Довольная ответом, Микаэла благодарно чмокнула его в щеку. Хью показалось, что при этом жена хотела что-то сказать, но внезапно передумала и резко опустила голову на подушку.
— Что, милая? — подбодрил он ее. — Тебя еще что-то беспокоит?
Микаэла присела и пристально посмотрела ему в глаза.
— За последние дни мы успели поговорить о многом, — осторожно произнесла она, — секретов между нами, кажется, не осталось. И все-таки есть вопросы, в которые ты никак не хочешь посвящать меня. Я имею в виду проблемы нашей компании. А ведь именно из-за них, между прочим, ты приехал в Новый Орлеан, и мы с тобой встретились.
Хью немного растерялся.
— Мне просто не хотелось беспокоить тебя, дорогая, еще и этим, — не очень твердо произнес он.

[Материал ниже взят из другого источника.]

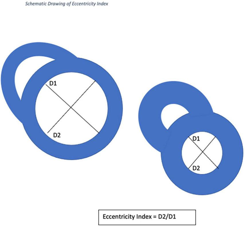 D1 is the endocardial measurement perpendicular to the interventricular septum at the largest diameter. D2 is the endocardial measurement at the largest length. D2/D1 is used to calculate eccentricity index in end-diastole and end-systole. These can be difficult to define in pulmonary hypertension, so, using the QRD complex to identify systole, images were identified around the end of systole and the end diastole. These were analyzed and those with the smallest LV volume were classed as end-systole and those with the largest were classed as end-diastole.

— Не забывай, дорогой, что это не только твоя, но и моя компания! — сердито напомнила Микаэла. — И все, что касается “Галланд, Ланкастер и Дюпре”, напрямую затрагивает мои интересы. Я имею право и хочу знать, удалось ли тебе что-нибудь выяснить. Насколько все это серьезно? Как ты собираешься исправлять положение? Ты не хочешь мне ничего говорить о вещах, от которых зависит мое, наше будущее… Ты не находишь, что теперь, когда мы разобрались в наших личных отношениях, самое время вместе заняться проблемами компании?
Несколько долгих минут Хью молча размышлял над тем, что он должен ответить. Он признавал, что Микаэла была абсолютно права. Конечно, между ними не должно быть секретов… Любые тайны и недомолвки омрачат их союз. Это бесспорно.
— Поверь мне, я не хочу говорить об этом только потому, что придется касаться весьма деликатных и болезненных для тебя вещей, — произнес он слегка подрагивающим голосом.
Ответом был твердый и требовательный взгляд жены. Набрав побольше воздуха, Хью начал рассказывать обо всем, что было ему известно: о кражах товаров со склада компании, о том, как они осуществлялись, а также о том, что за всем этим стоит кто-то из совладельцев “Галланд, Ланкастер и Дюпре”.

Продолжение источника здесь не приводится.